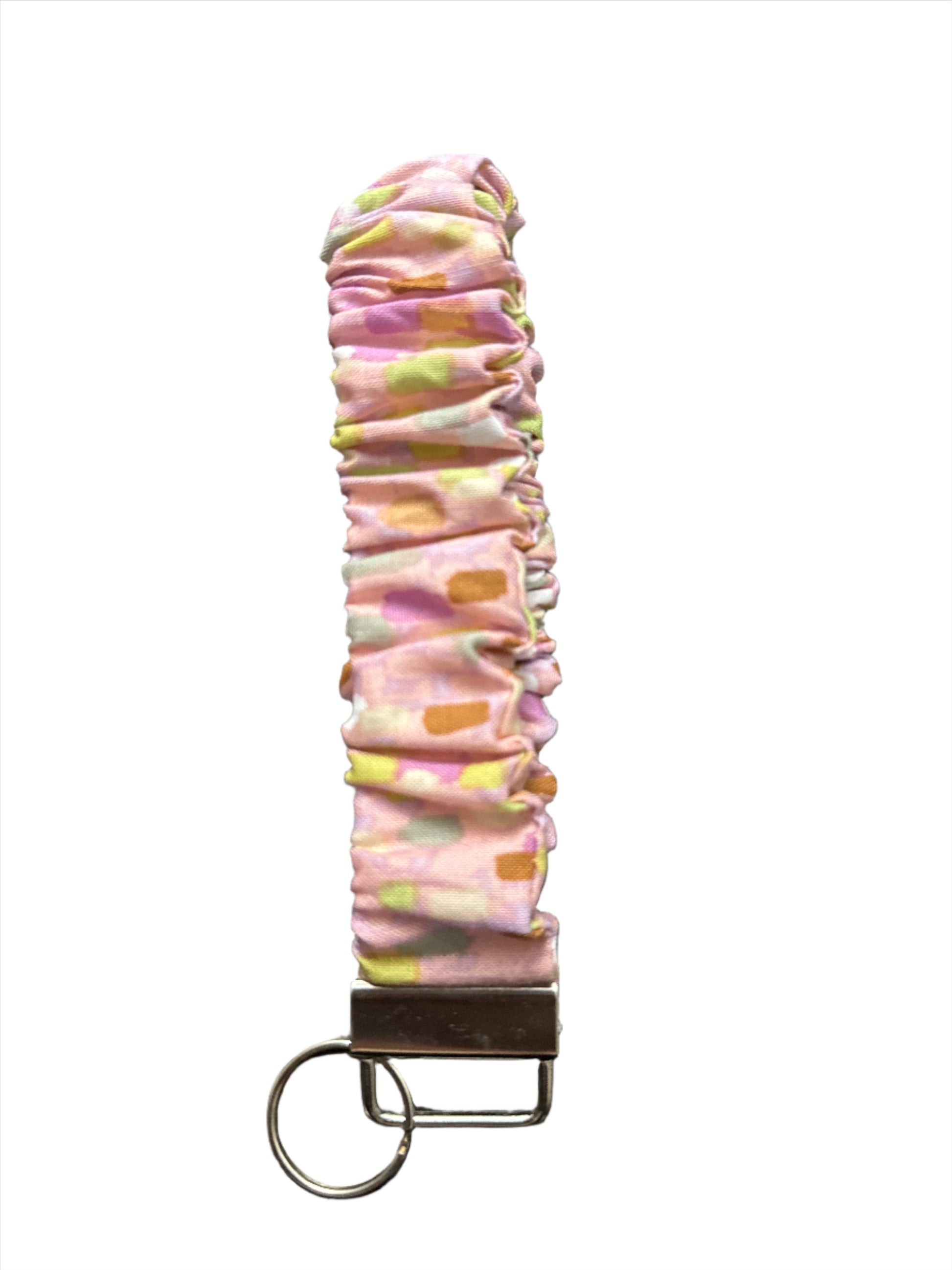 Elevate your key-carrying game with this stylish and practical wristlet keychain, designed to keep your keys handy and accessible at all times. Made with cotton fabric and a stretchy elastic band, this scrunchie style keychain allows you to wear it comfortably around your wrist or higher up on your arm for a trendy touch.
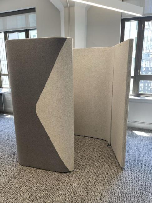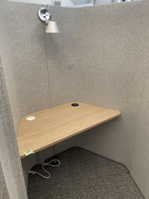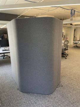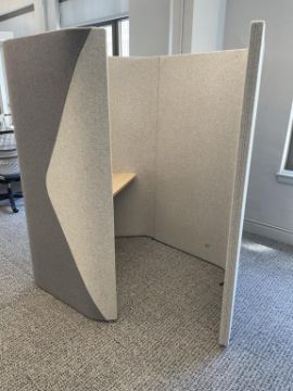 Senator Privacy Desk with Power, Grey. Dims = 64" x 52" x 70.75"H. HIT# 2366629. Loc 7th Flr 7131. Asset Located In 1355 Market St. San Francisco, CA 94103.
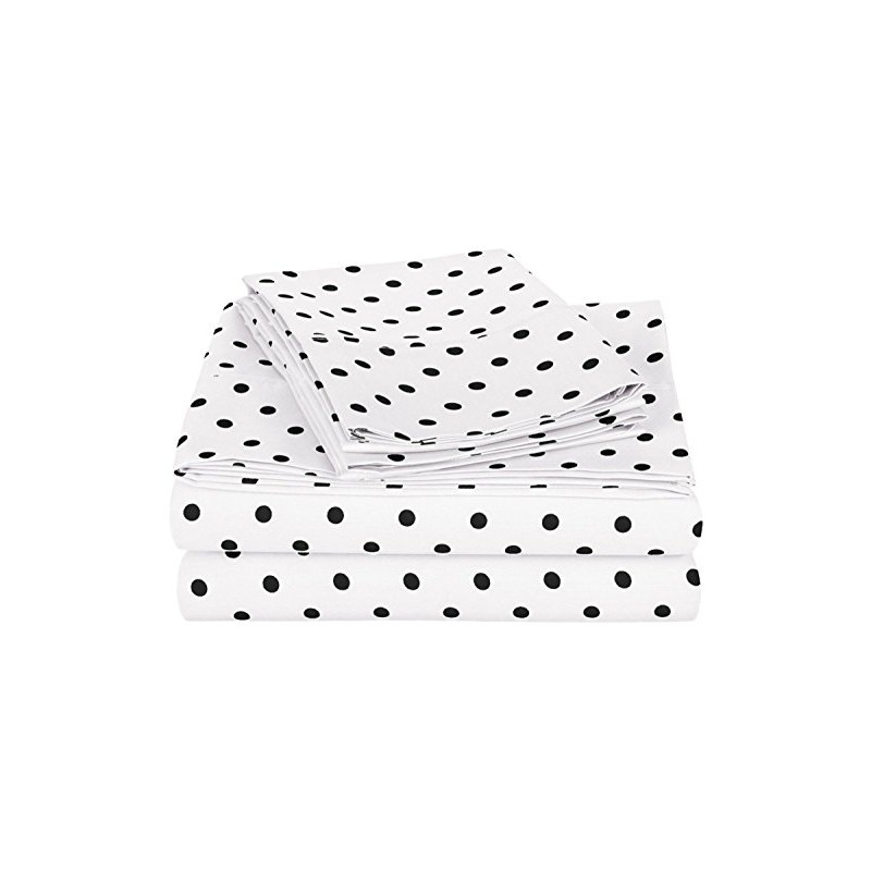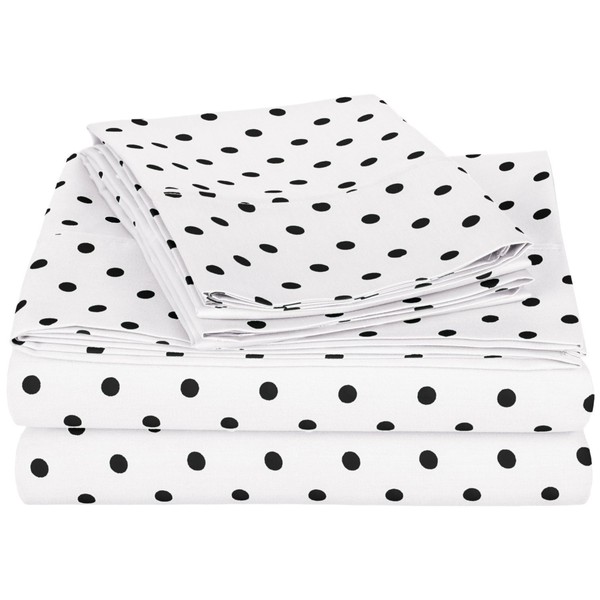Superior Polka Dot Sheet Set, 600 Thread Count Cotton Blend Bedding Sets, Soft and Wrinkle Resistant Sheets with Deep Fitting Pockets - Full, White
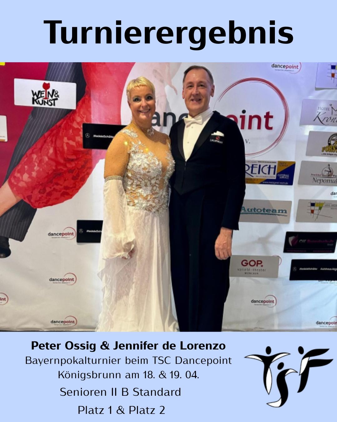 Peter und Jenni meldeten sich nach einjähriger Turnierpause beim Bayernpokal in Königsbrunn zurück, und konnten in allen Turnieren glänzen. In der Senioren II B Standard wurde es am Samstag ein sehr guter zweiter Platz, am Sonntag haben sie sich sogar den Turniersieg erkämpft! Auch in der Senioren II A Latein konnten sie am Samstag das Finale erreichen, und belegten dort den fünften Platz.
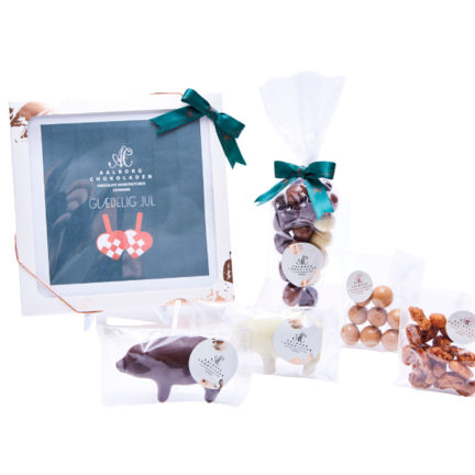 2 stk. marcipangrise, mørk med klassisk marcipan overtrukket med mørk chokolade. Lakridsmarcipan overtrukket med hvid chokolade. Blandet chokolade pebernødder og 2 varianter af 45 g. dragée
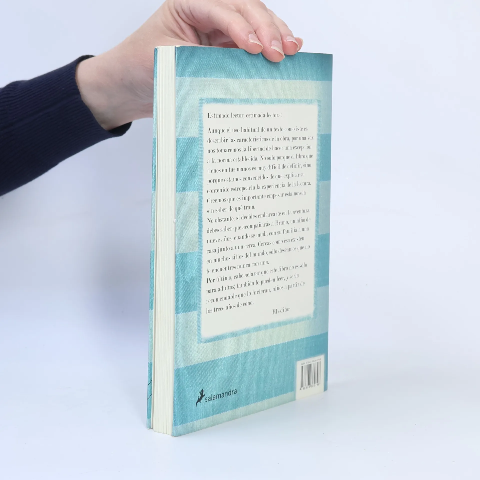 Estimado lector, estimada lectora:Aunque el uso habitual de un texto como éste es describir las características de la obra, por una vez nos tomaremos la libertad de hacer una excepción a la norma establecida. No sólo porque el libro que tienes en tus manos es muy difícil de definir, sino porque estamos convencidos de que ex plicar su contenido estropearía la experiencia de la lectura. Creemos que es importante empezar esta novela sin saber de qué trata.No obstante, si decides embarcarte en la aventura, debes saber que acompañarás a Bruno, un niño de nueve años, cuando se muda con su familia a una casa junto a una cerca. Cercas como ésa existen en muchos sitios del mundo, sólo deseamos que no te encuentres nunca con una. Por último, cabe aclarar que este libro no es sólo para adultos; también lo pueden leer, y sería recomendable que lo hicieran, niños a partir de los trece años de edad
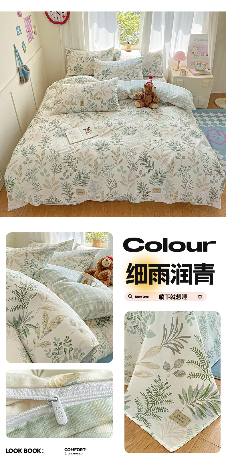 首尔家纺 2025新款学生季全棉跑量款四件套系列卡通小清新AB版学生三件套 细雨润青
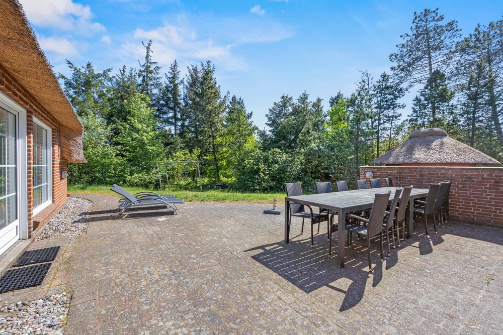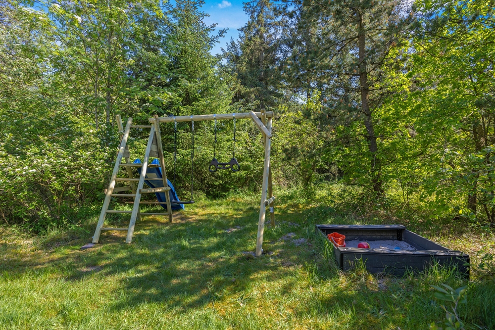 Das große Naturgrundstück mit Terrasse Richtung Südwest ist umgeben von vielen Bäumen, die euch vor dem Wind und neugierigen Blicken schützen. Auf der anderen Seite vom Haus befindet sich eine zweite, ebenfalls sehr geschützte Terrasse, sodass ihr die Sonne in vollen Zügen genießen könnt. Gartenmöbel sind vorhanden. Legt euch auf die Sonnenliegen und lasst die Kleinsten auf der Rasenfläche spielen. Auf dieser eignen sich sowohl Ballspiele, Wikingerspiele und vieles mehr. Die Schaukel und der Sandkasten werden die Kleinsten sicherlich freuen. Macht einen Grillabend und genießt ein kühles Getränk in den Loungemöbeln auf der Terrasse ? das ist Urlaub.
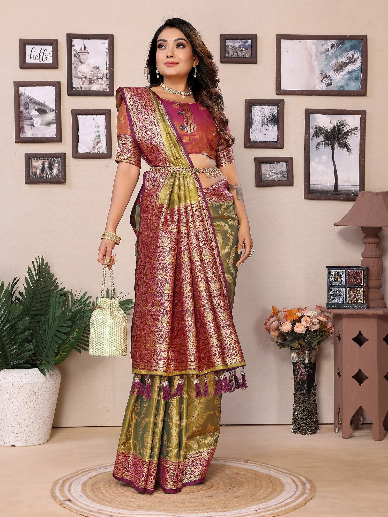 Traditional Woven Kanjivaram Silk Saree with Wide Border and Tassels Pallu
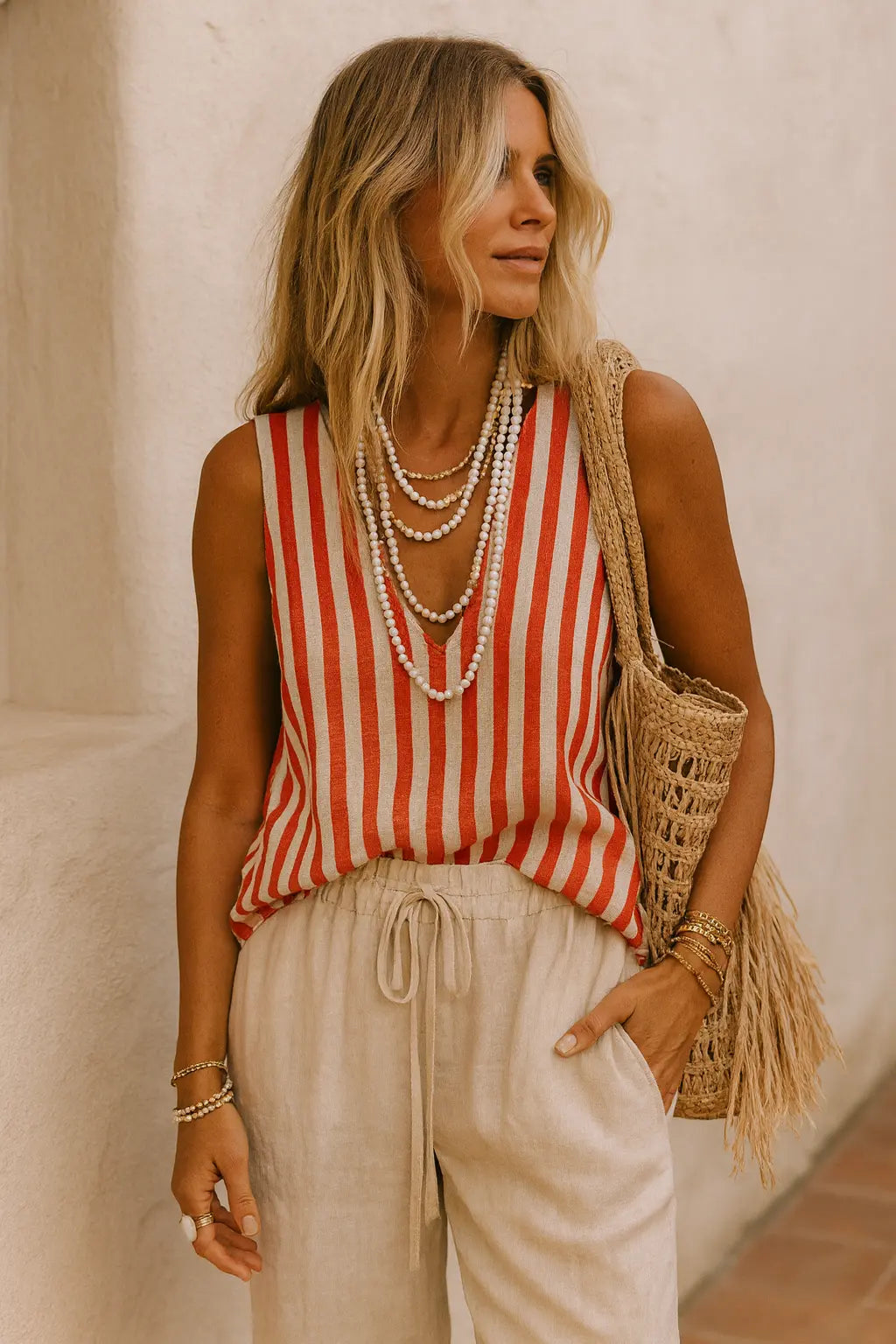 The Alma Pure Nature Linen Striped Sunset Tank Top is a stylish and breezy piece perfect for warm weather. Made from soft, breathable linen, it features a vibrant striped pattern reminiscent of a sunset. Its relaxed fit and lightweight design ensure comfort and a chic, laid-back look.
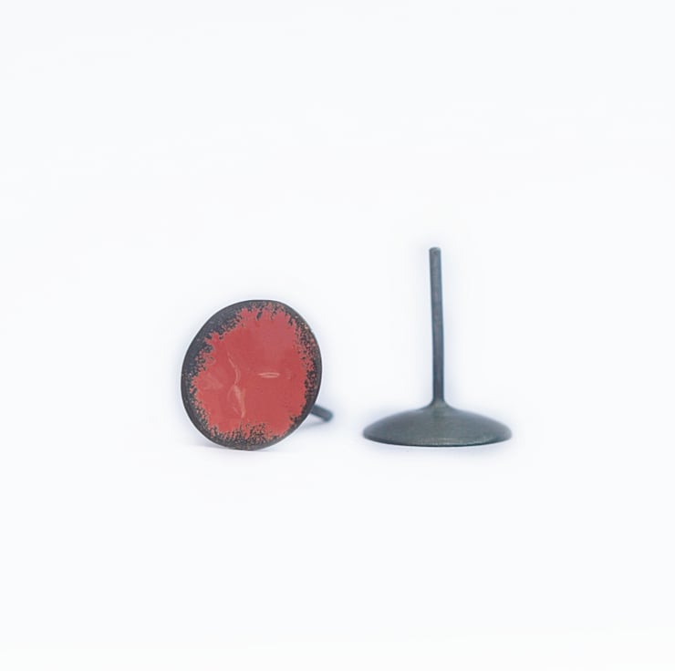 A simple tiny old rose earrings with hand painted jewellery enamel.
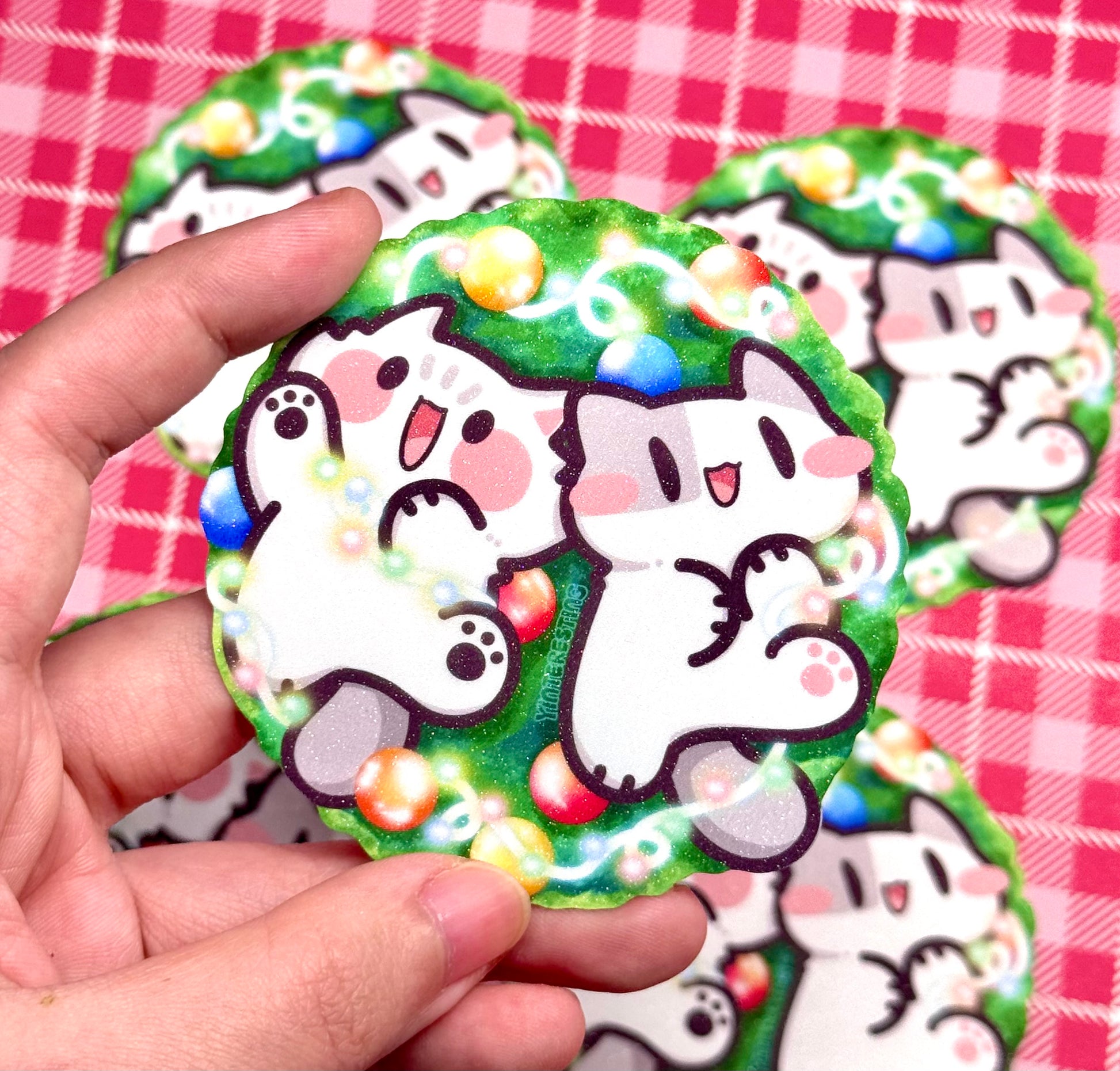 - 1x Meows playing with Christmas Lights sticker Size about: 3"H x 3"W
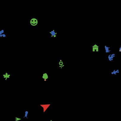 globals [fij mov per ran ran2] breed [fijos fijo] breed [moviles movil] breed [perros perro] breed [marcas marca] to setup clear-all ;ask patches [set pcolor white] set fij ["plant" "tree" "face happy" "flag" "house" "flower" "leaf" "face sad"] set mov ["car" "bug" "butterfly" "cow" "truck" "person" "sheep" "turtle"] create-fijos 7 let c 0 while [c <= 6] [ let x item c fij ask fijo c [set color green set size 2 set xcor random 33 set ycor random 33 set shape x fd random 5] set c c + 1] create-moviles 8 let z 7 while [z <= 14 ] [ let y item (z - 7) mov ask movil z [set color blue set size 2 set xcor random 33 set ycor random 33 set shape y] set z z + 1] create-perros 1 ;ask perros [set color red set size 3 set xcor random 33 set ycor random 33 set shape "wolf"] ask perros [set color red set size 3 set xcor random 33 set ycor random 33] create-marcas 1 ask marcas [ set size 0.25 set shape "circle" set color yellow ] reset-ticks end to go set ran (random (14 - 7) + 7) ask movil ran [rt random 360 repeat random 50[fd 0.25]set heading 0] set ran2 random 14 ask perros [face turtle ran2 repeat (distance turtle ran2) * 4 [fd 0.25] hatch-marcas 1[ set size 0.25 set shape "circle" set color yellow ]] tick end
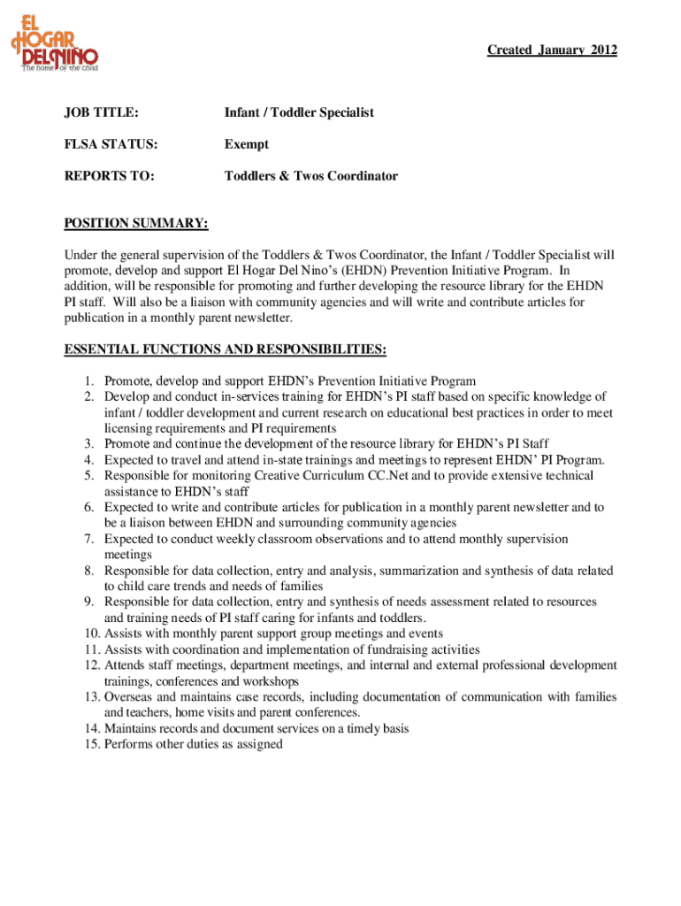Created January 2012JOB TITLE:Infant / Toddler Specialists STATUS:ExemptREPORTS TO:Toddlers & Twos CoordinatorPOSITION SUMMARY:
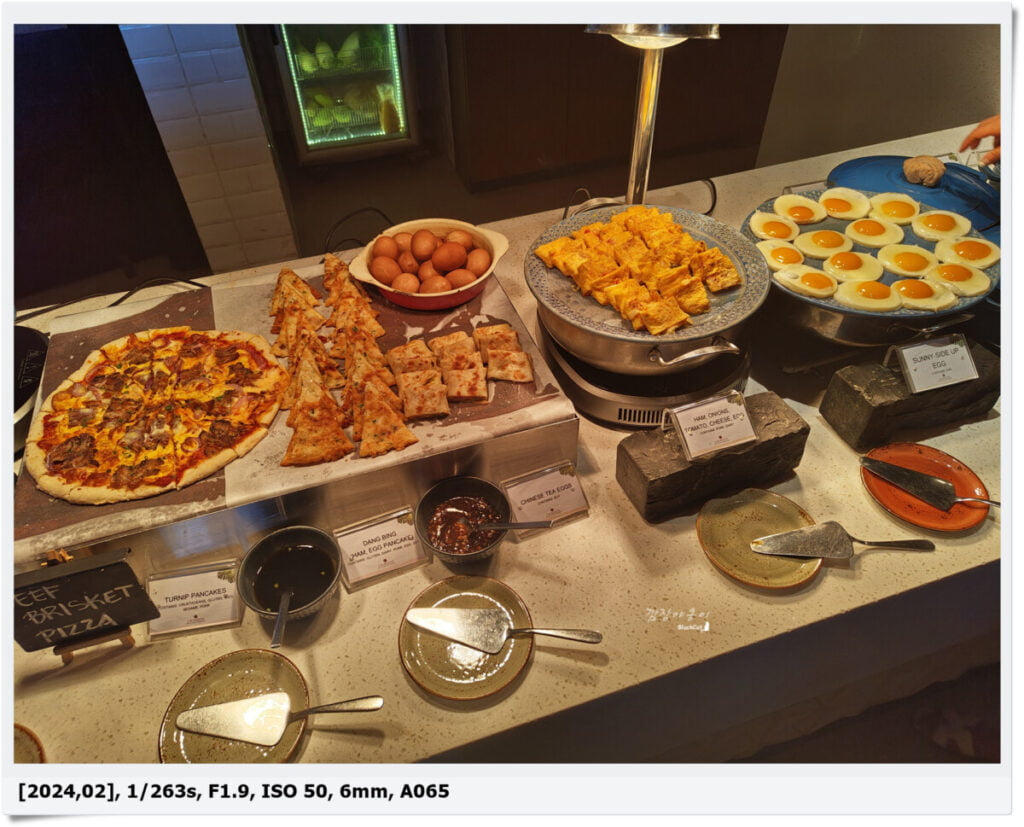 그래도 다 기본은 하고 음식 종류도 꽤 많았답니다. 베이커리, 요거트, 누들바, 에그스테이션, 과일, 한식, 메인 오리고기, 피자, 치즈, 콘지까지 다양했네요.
──────
Problem requirements: Given the entries above, transcribe exactly the lines from the one holding "Superior Polka Dot" through the one holding "2 stk. marcipangrise, mørk"; pictures do not belong in the transcription.

Finished task:
Superior Polka Dot Sheet Set, 600 Thread Count Cotton Blend Bedding Sets, Soft and Wrinkle Resistant Sheets with Deep Fitting Pockets - Full, White
 Peter und Jenni meldeten sich nach einjähriger Turnierpause beim Bayernpokal in Königsbrunn zurück, und konnten in allen Turnieren glänzen. In der Senioren II B Standard wurde es am Samstag ein sehr guter zweiter Platz, am Sonntag haben sie sich sogar den Turniersieg erkämpft! Auch in der Senioren II A Latein konnten sie am Samstag das Finale erreichen, und belegten dort den fünften Platz.
 2 stk. marcipangrise, mørk med klassisk marcipan overtrukket med mørk chokolade. Lakridsmarcipan overtrukket med hvid chokolade. Blandet chokolade pebernødder og 2 varianter af 45 g. dragée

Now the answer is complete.